◆ **RECORDS PROVIDED**
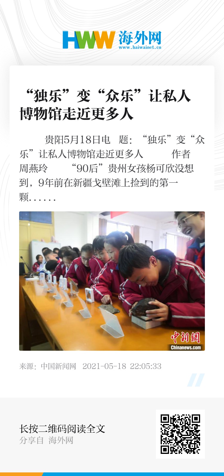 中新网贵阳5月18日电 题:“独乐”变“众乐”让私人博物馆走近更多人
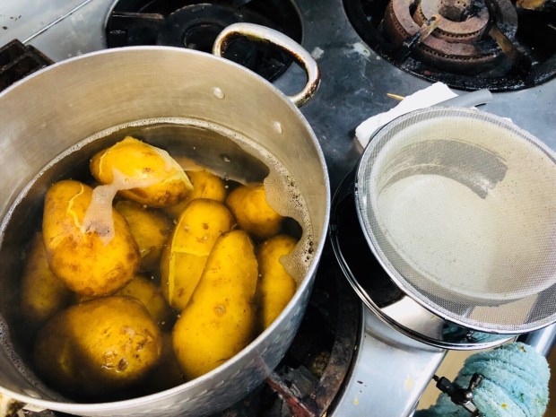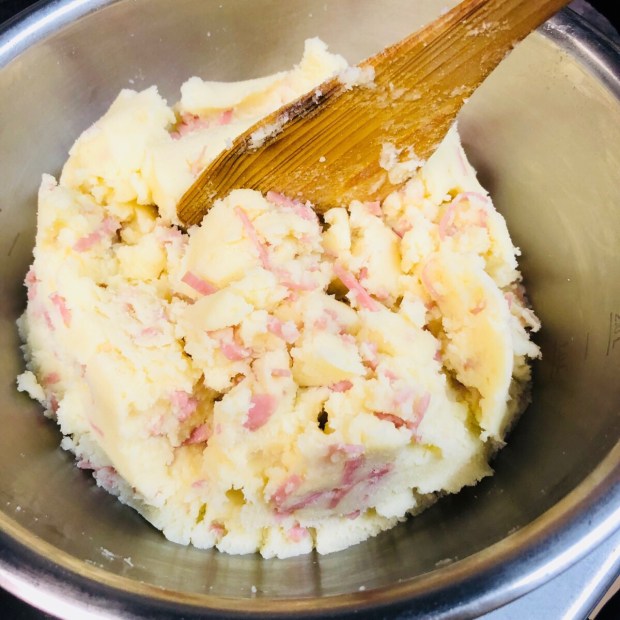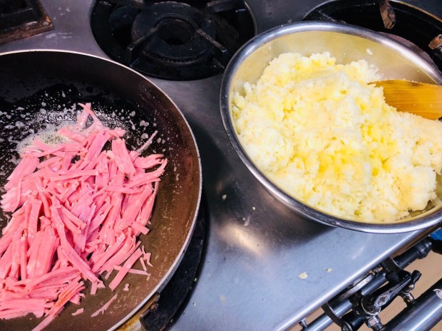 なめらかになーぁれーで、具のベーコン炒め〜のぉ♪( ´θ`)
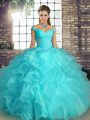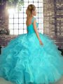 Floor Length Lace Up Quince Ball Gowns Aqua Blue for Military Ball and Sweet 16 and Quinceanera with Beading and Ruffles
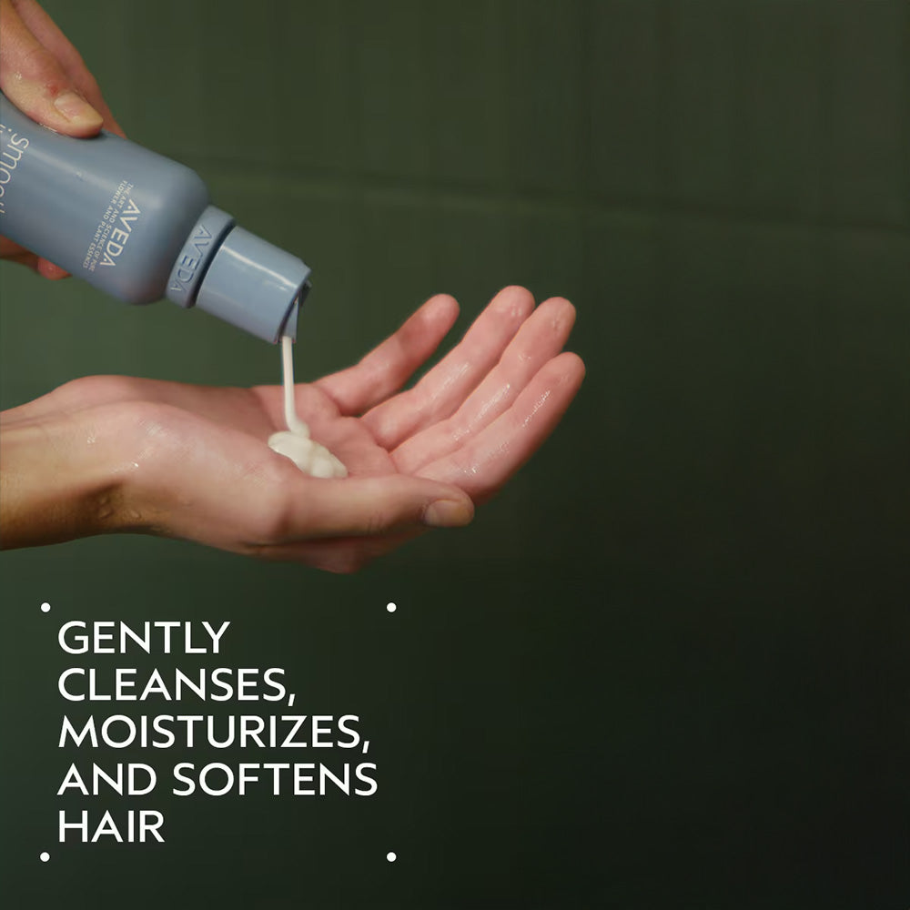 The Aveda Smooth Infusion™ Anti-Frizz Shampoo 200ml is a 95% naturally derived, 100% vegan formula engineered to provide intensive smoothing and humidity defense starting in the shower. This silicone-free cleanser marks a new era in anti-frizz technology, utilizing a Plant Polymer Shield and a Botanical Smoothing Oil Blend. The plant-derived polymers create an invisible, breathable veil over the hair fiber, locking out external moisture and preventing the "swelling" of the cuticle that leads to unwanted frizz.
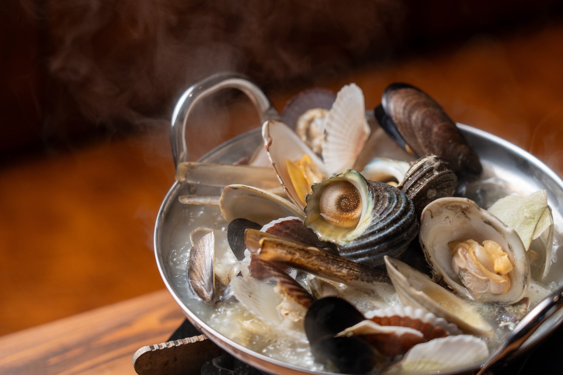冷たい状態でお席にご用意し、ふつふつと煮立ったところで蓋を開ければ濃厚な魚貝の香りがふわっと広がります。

◆ **TASK INSTRUCTIONS**
Without any pictures, output exactly the lines from the start of the material through the line that contains "Floor Length Lace", and only those.

◆ **TASK SOLUTION**
 中新网贵阳5月18日电 题:“独乐”变“众乐”让私人博物馆走近更多人
 なめらかになーぁれーで、具のベーコン炒め〜のぉ♪( ´θ`)
 Floor Length Lace Up Quince Ball Gowns Aqua Blue for Military Ball and Sweet 16 and Quinceanera with Beading and Ruffles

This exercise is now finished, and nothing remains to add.